◆ **Exercise details**
Begin at the line containing "W ramach wizytacji" in the data below and go on through the line containing "地域の子どもたちが学校以外の", repeating each line exactly; include both ends and no other line.

◆ **Provided records**
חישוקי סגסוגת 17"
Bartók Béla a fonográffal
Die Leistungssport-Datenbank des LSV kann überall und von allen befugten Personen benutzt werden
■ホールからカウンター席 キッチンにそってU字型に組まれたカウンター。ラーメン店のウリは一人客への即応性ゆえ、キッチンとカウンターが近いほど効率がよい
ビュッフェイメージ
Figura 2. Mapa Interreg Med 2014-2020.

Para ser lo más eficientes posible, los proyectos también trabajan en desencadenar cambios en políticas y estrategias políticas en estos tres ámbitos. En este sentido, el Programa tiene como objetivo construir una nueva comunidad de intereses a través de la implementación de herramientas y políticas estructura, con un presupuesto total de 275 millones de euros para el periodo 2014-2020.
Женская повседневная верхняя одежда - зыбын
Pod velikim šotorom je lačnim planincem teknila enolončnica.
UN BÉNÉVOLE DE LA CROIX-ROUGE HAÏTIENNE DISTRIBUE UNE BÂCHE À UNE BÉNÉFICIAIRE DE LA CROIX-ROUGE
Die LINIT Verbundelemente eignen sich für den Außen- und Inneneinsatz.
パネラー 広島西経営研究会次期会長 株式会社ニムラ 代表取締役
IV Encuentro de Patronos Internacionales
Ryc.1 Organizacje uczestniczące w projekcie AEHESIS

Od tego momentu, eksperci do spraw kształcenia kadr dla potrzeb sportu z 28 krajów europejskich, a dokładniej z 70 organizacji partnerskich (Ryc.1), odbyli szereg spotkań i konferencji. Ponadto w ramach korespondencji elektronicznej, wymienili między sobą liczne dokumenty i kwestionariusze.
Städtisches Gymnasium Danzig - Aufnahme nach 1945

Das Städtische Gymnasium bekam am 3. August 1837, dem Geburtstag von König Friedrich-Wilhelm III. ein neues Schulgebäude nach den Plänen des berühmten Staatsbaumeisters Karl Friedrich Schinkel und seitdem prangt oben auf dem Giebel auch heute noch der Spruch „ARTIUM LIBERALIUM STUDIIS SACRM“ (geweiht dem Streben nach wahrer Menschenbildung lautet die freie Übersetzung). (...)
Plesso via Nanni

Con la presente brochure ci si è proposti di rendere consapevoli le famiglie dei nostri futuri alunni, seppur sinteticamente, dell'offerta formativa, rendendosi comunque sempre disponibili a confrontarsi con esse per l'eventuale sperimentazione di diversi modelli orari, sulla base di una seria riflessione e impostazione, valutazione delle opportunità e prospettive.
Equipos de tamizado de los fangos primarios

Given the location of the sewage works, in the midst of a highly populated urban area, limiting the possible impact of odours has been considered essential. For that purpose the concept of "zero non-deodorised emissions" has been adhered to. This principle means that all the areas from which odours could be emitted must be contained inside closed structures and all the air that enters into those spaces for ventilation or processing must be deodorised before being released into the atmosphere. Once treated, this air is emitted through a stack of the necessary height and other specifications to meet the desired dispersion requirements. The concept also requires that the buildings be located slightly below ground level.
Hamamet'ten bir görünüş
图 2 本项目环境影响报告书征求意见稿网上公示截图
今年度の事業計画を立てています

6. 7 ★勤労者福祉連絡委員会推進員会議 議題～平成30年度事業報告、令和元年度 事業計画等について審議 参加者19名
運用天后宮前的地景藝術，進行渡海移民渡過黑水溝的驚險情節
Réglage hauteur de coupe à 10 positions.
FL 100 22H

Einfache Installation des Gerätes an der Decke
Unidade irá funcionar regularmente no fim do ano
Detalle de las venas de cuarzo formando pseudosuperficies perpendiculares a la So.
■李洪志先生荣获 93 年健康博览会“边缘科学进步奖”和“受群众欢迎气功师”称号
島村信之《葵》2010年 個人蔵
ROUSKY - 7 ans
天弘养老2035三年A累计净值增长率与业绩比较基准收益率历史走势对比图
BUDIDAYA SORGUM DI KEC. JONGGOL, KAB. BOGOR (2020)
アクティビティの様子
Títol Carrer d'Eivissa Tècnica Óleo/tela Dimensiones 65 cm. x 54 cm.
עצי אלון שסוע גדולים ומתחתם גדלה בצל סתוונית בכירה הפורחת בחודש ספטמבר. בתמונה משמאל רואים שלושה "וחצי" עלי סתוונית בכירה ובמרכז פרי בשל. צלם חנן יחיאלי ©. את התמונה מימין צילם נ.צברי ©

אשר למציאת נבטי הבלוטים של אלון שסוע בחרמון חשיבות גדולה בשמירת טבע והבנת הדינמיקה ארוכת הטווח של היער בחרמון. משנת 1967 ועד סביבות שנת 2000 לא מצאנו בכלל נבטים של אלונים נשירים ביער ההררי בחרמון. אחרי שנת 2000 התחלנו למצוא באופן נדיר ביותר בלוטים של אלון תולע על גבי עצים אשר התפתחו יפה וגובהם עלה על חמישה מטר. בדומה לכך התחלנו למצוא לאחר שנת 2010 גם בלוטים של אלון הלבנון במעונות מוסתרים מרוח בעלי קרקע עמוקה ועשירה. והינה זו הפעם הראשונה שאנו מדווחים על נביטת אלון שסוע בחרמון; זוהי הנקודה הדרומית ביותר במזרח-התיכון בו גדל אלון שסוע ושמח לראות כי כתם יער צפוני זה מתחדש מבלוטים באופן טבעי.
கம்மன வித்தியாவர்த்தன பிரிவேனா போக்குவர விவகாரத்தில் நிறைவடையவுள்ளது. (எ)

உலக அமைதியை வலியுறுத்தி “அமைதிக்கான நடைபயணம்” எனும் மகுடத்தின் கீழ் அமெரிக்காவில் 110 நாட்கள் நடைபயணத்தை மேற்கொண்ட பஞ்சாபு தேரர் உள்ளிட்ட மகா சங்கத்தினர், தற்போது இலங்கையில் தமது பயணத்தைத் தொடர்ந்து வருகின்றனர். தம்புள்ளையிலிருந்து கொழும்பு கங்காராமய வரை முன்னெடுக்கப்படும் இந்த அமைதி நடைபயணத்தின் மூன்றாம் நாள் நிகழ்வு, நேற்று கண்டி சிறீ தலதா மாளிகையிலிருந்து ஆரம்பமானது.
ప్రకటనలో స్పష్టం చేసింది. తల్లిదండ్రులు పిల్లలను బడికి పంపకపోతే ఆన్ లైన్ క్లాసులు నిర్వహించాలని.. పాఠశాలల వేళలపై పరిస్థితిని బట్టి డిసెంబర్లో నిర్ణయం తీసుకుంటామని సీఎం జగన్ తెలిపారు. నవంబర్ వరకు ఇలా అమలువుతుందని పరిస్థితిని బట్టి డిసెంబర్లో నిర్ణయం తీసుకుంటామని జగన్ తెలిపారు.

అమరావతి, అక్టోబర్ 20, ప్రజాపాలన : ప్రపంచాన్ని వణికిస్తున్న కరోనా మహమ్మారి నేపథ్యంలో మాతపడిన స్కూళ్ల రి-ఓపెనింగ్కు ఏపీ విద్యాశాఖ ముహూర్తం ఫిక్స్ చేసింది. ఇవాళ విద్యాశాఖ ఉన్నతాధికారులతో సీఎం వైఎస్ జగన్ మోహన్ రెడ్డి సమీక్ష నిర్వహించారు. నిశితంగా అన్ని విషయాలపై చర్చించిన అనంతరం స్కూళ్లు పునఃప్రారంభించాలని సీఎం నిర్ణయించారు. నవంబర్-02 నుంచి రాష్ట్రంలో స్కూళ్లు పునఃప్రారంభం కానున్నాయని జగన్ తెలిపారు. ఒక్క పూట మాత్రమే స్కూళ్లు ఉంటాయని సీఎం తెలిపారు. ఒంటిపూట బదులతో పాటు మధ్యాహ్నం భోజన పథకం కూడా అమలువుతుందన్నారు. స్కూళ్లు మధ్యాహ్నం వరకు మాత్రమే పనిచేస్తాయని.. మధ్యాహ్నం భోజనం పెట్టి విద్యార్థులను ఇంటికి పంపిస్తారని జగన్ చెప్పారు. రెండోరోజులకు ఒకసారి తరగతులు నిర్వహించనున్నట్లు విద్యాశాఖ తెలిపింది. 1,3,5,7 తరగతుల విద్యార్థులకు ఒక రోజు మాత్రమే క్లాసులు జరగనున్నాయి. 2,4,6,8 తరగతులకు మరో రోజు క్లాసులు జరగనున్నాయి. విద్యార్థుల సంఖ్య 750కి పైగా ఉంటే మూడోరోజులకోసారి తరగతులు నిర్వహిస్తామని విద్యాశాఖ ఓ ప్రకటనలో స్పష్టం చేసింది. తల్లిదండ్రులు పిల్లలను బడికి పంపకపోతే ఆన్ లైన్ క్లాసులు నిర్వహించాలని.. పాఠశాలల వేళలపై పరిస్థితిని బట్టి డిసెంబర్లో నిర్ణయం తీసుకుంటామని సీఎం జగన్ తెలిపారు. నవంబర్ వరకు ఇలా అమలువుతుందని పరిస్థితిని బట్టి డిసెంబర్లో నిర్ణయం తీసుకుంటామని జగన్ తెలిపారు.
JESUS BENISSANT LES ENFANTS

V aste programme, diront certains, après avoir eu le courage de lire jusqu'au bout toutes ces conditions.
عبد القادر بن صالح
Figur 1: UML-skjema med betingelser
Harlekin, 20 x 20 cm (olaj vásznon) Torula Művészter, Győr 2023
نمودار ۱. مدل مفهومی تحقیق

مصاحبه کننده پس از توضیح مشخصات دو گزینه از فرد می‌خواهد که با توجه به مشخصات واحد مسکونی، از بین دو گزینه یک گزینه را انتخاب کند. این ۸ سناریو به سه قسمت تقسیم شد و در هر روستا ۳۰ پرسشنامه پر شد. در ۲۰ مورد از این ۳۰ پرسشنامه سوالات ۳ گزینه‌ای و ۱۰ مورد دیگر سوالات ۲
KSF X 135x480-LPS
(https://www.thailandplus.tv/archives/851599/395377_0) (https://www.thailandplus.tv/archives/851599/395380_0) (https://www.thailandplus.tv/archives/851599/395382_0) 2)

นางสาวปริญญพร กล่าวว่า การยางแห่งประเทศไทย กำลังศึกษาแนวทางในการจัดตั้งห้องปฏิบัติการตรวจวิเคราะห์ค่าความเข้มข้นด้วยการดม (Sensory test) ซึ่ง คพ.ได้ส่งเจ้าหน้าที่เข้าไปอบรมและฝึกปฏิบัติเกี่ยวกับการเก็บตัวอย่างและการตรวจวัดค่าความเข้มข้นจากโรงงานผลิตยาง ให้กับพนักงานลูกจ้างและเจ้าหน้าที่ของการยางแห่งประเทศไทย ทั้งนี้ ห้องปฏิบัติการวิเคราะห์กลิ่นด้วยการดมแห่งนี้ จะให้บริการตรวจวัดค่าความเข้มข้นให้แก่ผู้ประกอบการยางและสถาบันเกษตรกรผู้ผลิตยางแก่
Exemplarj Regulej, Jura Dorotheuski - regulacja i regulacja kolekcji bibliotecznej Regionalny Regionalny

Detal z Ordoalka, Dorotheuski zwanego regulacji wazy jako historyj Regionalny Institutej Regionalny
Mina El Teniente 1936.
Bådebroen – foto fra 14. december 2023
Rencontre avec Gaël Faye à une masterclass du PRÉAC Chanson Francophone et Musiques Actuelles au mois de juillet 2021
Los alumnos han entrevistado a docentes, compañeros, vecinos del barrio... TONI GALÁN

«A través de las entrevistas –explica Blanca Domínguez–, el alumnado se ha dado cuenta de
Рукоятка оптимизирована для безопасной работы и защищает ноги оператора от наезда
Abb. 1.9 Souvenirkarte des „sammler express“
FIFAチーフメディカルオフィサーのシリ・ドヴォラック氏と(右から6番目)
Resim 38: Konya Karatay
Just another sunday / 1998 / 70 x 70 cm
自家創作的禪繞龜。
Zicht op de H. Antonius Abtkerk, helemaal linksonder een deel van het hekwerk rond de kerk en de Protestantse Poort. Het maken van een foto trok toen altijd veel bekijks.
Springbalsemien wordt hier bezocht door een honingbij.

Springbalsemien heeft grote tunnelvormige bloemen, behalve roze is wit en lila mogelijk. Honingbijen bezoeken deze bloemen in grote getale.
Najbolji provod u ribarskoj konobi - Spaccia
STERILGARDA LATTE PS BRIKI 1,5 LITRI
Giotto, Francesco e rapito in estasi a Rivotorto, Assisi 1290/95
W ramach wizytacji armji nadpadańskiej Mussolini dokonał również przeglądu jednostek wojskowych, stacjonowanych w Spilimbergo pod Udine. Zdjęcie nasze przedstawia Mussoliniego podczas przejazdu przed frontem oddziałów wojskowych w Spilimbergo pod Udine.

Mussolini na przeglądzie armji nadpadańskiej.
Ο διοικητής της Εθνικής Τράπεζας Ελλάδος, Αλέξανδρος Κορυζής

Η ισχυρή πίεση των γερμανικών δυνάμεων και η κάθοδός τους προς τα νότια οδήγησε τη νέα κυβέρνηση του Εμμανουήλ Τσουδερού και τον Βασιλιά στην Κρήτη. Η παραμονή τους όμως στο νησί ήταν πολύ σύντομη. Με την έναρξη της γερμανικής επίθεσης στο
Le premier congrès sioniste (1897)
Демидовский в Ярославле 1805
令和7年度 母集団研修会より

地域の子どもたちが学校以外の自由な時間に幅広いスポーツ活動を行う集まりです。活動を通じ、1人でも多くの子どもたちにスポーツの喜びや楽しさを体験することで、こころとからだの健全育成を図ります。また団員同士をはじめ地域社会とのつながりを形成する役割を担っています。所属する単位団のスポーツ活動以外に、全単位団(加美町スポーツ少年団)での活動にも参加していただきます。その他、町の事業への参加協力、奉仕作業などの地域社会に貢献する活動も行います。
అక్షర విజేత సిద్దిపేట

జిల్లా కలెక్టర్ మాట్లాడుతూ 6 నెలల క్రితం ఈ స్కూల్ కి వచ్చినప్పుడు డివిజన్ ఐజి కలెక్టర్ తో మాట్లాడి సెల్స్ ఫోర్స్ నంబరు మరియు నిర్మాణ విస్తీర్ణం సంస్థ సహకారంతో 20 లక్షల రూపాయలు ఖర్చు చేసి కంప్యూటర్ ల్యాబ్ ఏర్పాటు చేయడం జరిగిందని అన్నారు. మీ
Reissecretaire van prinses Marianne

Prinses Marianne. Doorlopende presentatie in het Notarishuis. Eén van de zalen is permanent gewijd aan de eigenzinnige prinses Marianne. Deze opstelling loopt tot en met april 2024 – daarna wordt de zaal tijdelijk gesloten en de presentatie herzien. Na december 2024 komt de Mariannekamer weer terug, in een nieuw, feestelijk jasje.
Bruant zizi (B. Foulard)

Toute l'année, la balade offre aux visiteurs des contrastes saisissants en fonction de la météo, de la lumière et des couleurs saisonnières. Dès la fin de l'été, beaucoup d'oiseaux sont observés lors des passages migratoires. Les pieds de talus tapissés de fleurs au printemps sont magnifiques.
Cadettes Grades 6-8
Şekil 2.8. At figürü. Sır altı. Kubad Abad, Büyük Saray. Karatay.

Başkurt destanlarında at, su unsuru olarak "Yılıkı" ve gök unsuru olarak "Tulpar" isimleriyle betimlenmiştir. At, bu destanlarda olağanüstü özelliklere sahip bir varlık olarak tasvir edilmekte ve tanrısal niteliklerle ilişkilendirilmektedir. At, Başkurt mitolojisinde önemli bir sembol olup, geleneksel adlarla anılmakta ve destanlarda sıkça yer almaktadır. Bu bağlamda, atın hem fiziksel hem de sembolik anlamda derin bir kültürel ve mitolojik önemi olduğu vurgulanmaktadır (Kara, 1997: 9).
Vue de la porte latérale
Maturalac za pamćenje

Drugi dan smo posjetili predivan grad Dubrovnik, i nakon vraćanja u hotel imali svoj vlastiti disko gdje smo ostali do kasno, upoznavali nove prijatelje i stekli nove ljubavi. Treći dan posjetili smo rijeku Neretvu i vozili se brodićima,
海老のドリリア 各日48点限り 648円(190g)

◆ **Exercise answer**
W ramach wizytacji armji nadpadańskiej Mussolini dokonał również przeglądu jednostek wojskowych, stacjonowanych w Spilimbergo pod Udine. Zdjęcie nasze przedstawia Mussoliniego podczas przejazdu przed frontem oddziałów wojskowych w Spilimbergo pod Udine.

Mussolini na przeglądzie armji nadpadańskiej.
Ο διοικητής της Εθνικής Τράπεζας Ελλάδος, Αλέξανδρος Κορυζής

Η ισχυρή πίεση των γερμανικών δυνάμεων και η κάθοδός τους προς τα νότια οδήγησε τη νέα κυβέρνηση του Εμμανουήλ Τσουδερού και τον Βασιλιά στην Κρήτη. Η παραμονή τους όμως στο νησί ήταν πολύ σύντομη. Με την έναρξη της γερμανικής επίθεσης στο
Le premier congrès sioniste (1897)
Демидовский в Ярославле 1805
令和7年度 母集団研修会より

地域の子どもたちが学校以外の自由な時間に幅広いスポーツ活動を行う集まりです。活動を通じ、1人でも多くの子どもたちにスポーツの喜びや楽しさを体験することで、こころとからだの健全育成を図ります。また団員同士をはじめ地域社会とのつながりを形成する役割を担っています。所属する単位団のスポーツ活動以外に、全単位団(加美町スポーツ少年団)での活動にも参加していただきます。その他、町の事業への参加協力、奉仕作業などの地域社会に貢献する活動も行います。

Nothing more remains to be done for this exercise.